Não demorou muito para fazermos Lucas ficar de pé conforme invadíamos sua camisa com nossas mãos calmas e apressadas até nos levantarmos também para, então, alcançarmos o seu pescoço, cheiroso, onde deixamos nossas línguas trabalharem sem qualquer pudor para logo em seguida partimos para suas orelhas, depois o rosto, até tomarmos os seus lábios com nossas línguas mais e mais sôfregas ao passo que nossas mãos continuavam a se encontrar, dançando sobre o seu peito e barriga.
Entre esse ir e vir, eu e Carlos nos olhamos por um rápido instante, cúmplices, predadores vorazes e sem a menor cerimônia arrancamos, por fim, a camisa de Lucas num só golpe, assim como a bermuda e a cueca. Meu sobrinho não reagia, apenas gargalhava e gemia, pedindo calma, a porra de um pouco de calma, que nunca iria chegar, né?
Que visão maravilhosa e também surreal. Eu e Carlos nos rendemos por um instante diante da nudez de meu sobrinho. Nada, nada no corpo de Lucas podia ser considerado imperfeito, ainda que um corpo franzino de pernas esguias, torneadas, mas esguias, ainda que tivesse os braços longos, os poucos pelos… Rendemo-nos diante de sua beleza, a beleza de um efebo proibido com sua pele ainda sem as marcas do tempo. Rendemo-nos diante dos seus lábios escarlates finamente talhados, os claros olhos, a cabeleira ruiva… Reverenciamos a candura de sua mocidade sem hesitação, sem medo de parecermos angustiados e por que não patéticos diante de tanta beleza.
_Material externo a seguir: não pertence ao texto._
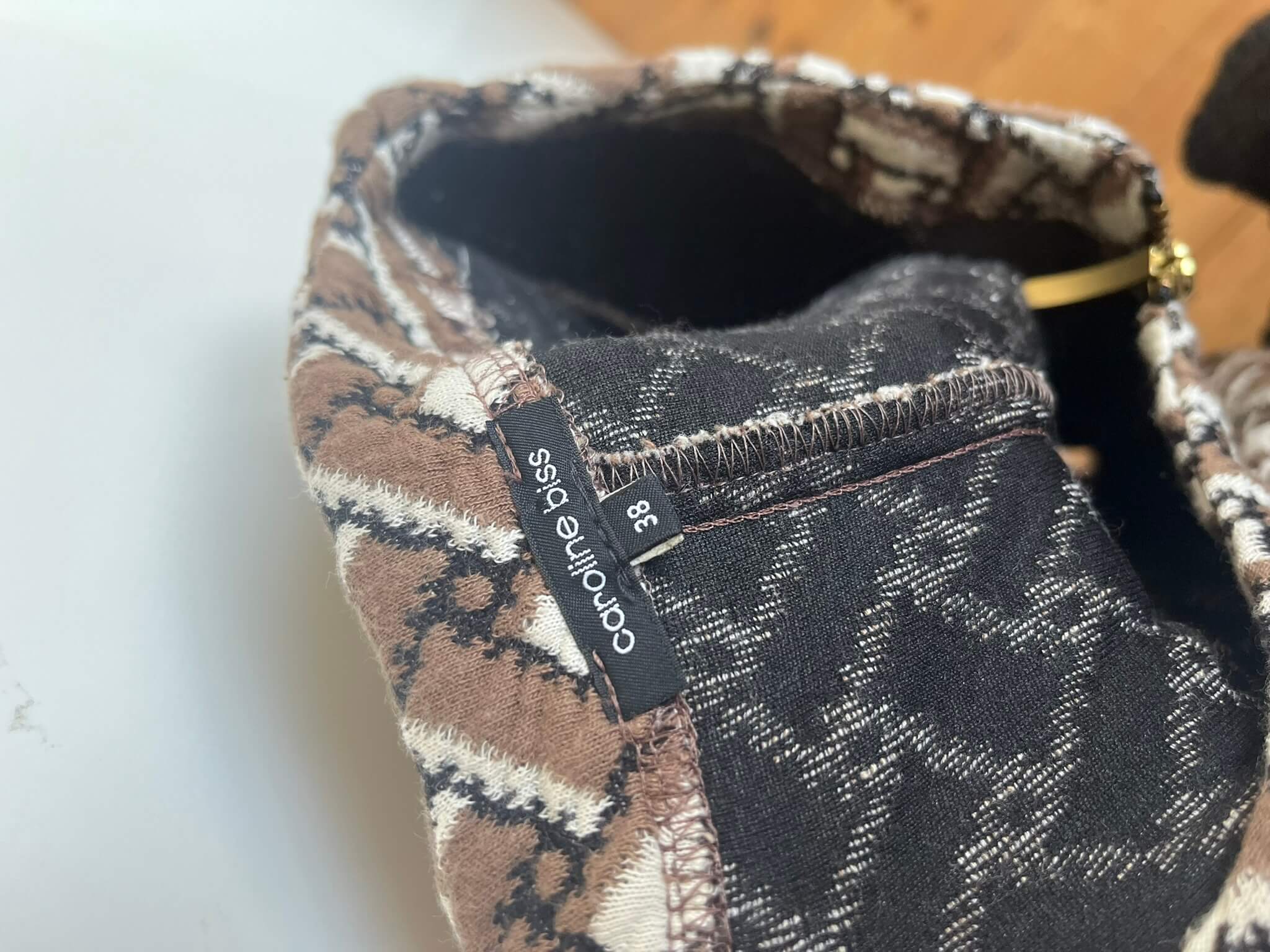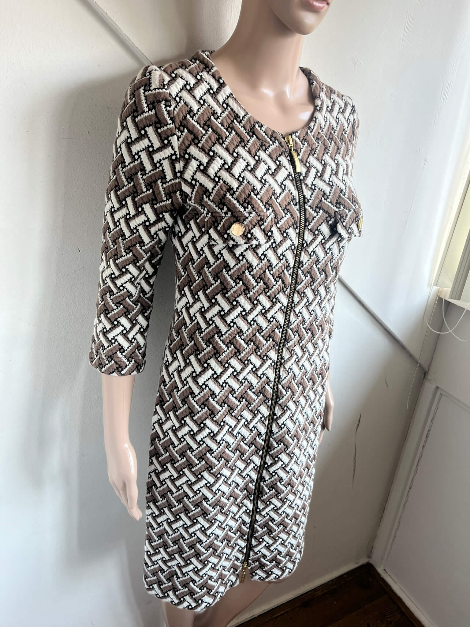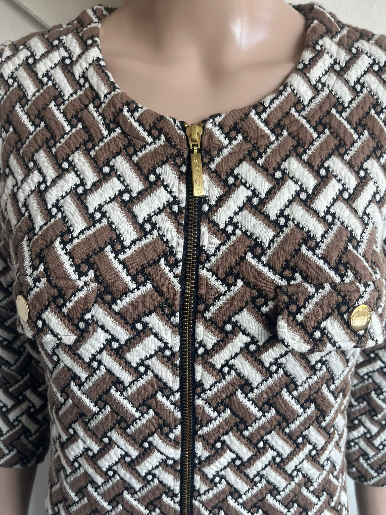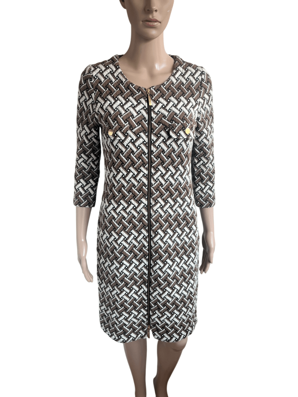 Wat dikkere jurk met een rits over de gehele voorzijde en een bruin wit zwarte print in de maat 38. Gemaakt van katoen, polyamide en polyester. Oksellengte 47 cm en lengte 92 cm.

Eu e o meu amigo acariciamos os cabelos de Lucas, seus ombros e seu peito com uma surpreendente morosidade, como se quiséssemos ter a certeza de que aquilo que estávamos tocando era real. E depois fomos descendo, também sem a mínima pressa, pela barriga, passeando pelas pernas, nos colocando, enfim, novamente de joelhos, trocando um sorriso inebriante e sarcástico antes de atacarmos aquele cacete pulsante diante de nós dois.
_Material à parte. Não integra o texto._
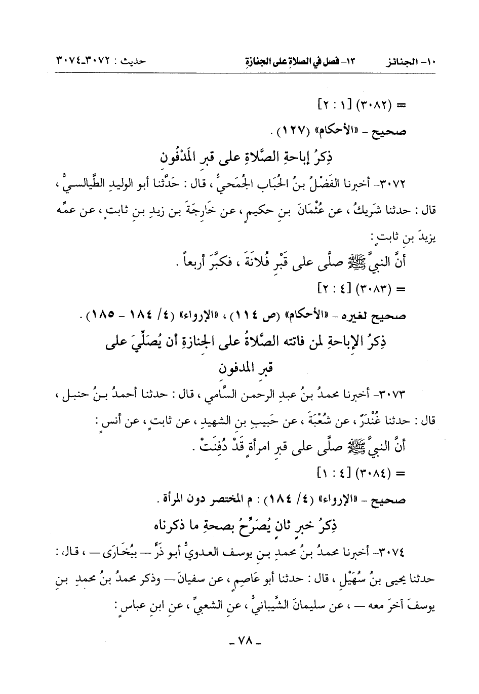 3074 - أخبرنا مُحَمَّدِ بْنِ يُوسُفَ الْعَدَوِيُّ أَبُو ذَرٍ بِبُخَارَى قَالَ: حَدَّثَنَا يَحْيَى بْنُ سُهَيْلٍ قَالَ: حَدَّثَنَا أَبُو عَاصِمٍ عَنْ سُفْيَانَ - وَذَكَرَ مُحَمَّدُ بْنُ مُحَمَّدِ بْنِ يُوسُفَ آخَرُ مَعَهُ - عَنْ سُلَيْمَانَ الشَّيْبَانِيِّ عَنِ الشَّعْبِيِّ عَنِ ابْنِ عَبَّاسٍ: -[79]-

Brigamos. Sim. Brigamos pelo pau do menino, de novo e de novo, indo e vindo no seu caralho, no seu saco, na sua virilha até decidirmos levá-lo para o quarto e jogá-lo sobre a cama com certa violência, tirando nossas roupas no segundo seguinte, pouco nos importando com a gritante diferença entre nossos corpos: dois coroas fortinhos, com “uma barriguinha que não lhes pertenciam”, como diz o velho ditado, contrastando com a perfeição juvenil de Lucas. Por sinal, o garoto se mostrou um tanto perplexo, mas não lhe demos muito tempo para pensar — ou desistir —, pois pulamos sobre o colchão e voltamos a atacar o seu caralho, a sua virilidade decerto desejada por tudo e por todos em sã consciência, e que se manteve dura como uma rocha. Ainda bem.